1) code\_public/08\_ngrams.R
This code identifies overlapping pairs with exact text reuse. 

2) code\_public/08\_relatio\_extract\_features.py
This code extracts the relatio features. 


3) code\_public/08\_relatio\_merge.R
This code uses the extracted relatio features to measure similarity between articles.

4) code\_public/08\_stm.R
This code runs the STM model on the bioweapons docs and creates the topic clusters. 

## Analysis

1) code\_public/09\_pull\_together\_data.R
This code pulls together the final data for the gpt4o annotations.
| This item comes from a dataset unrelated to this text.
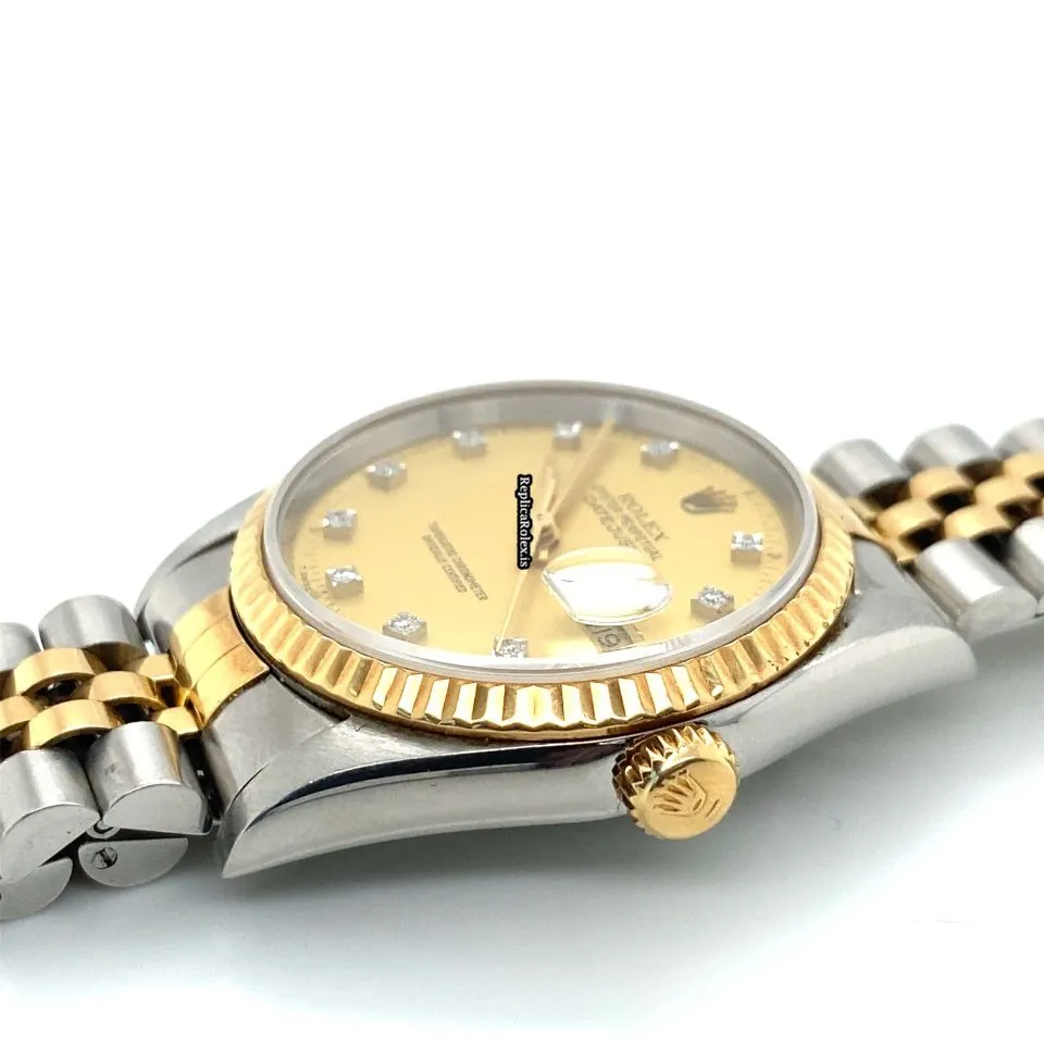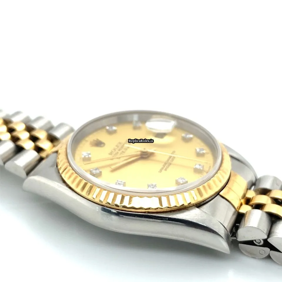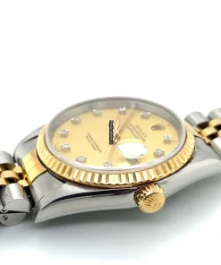 Tags: 11.9mm, 16233, 17mm buckle width, 20mm lug width, 36mm case diameter, automatic movement, caliber 3135, fold clasp, gold dial, gold/steel bracelet color, gold/steel bracelet material, gold/steel case material, mens watches, no numerals, sapphire crystal, steel clasp material, unisex watches, yellow gold bezel material

It also creates gpt4o precision sets. 

2) Recall Analysis: code\_public/09\_estimate\_recall.R 

3) Precision Analysis: code\_public/09\_estimate\_precision.R
This code combines the precision estimates and and creates the
overall f1 estimates for the study. It also creates the fine tuning
training data. 

4) Case Study: code\_public/10\_analysis.R
This code includes all of the bioweapons case study
analysis. 

## Example Slurm Scripts

Example slurm scripts are included in the folder "example\_slurms." Replicators can match the slurm script to the code file by the name of the slurm script. Slurm scripts are included for code scripts which need to be run as array jobs, as indicated in the header of the file. Replicators should tailor the slurm scripts to the HPC systems they have access to.